Prior to joining NovaQuest, Jeff co-led the Principal Investment Private Equity program at the Teacher Retirement System of Texas, leading the efforts in the Healthcare and Industrial sectors across a variety of geographies. In that role, he was responsible for making investment decisions, deal origination, as well as portfolio construction and portfolio management.
Jeff’s previous experience also includes M&A advisory work for Raymond James Capital Markets, focusing on middle-market companies. He also worked for State Street Global Markets (SSGM). His efforts were focused on private equity fund formation, portfolio management, and investment due diligence.

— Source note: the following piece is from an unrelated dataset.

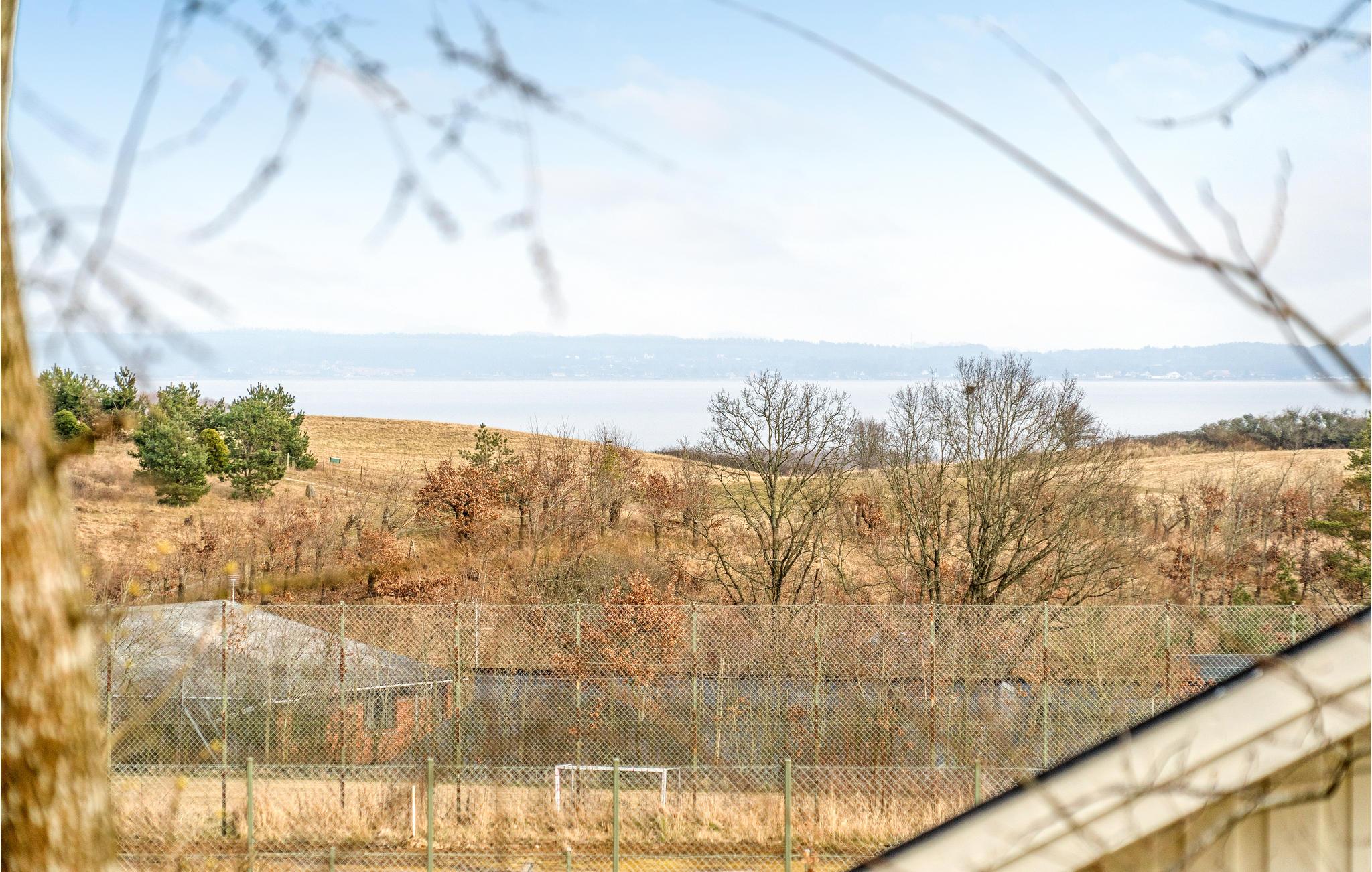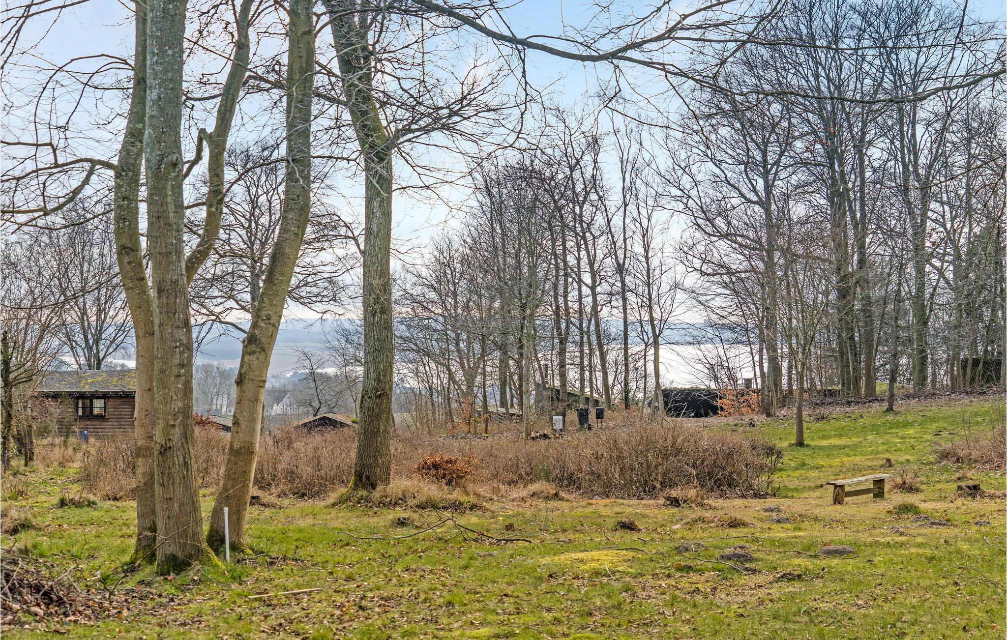Lyst og indbydende feriehus med en smuk, dyb udsigt til Helgenæs og Begtrup Vig fra den ugenerede have.

Before moving back to the capital markets sector, Jeff worked in finance and administrative roles in the healthcare industry with Carolinas HealthCare Systems and HCA, Inc. He started his career with the middle market investment bank RW Baird.
Jeff received an MBA from the University of North Carolina at Chapel Hill, an MSF from Boston College, and a BA from the University of Tennessee at Knoxville. He is also a CAIA Charter Holder.
Amelia Wall Warner, PharmD, RPH
Amelia Wall Warner has more than 20 years of healthcare and management experience. Currently, Amelia is the Founder and CEO of Clinical Trial Concepts, Inc., specializing in SaaS for the pharmaceutical industry.
She also founded Global Specimen Solutions, Inc, an innovative specimen management CRO and Informatics Company, and sold the company to LabCorp in December 2017. Previously, Amelia served as Head of Clinical Pharmacogenomics/ Clinical Specimen Management for Merck and Head of Pharmacogenomics for the Children’s Hospital of Philadelphia.
Amelia is also the former CEO and President of Gentris Corporation, successfully leading the operational and financial turnaround of the company that resulted in the acquisition by Cancer Genetics, Inc.
Amelia received her doctorate from University of North Carolina and completed residency and fellowship training at St Jude Children’s Research Hospital. She has held numerous leadership roles and won industry awards including invited PhRMA representative to ICH E16 and Chair (selected by her peers), Industry Pharmacogenomics Working Group.